Espiritismo para niños
Autora: Célia Xavier Camargo
Aprendiendo a servir
Elizabete,
de nueve años, llegó de la escuela con hambre, cansada y un poco tediosa. La
mañana había sido llena de actividades y ella quería descansar. No bastara eso,
aún tenía deberes para hacer.
Mal humorada, protestó:
— ¡Estoy exhausta, mamá!
— ¡Almuerza y después descansas un poco! —
sugirió Rute, la madre, envolviéndola en un abrazo cariñoso.
Después de la comida, como hábito, Bruno, el
padre, se acomodó en el sofá para ver el informativo por la televisión, y Bete,
olvidada del cansancio, se sentó al lado de él.

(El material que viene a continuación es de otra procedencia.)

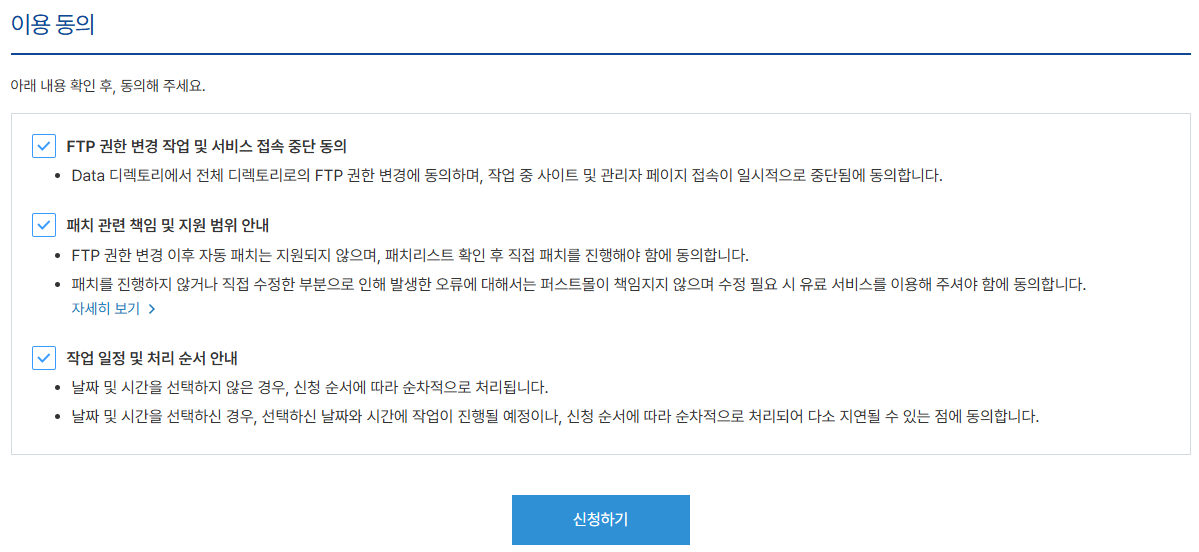 이용 동의 항목을 정독하고, 항목 체크 후 '신청하기' 버튼을 클릭합니다.

No es que a ella le interesaran las noticias,
sólo era para hacer compañía al padre. Sólo conseguía verlo a la hora del
almuerzo y después del servicio, pues cuando él salía de mañana ella aún estaba
durmiendo.
De repente, una noticia la dejó impresionada:
toda una región hubo quedado inundada en virtud de fuertes temporales, que
causaron aún el desbordamiento de un río. Centenares de casas fueron destruidas
y las familias perdieron todo.
La niña miraba y veía las imágenes de familias
enteras que nada más poseían y tendrían que ir para un refugio comunitario, y
su corazón se llenó de piedad por la triste condición de aquellas personas,
pensando: ¿Y se fuéramos nosotros que hubiéramos perdido todo?...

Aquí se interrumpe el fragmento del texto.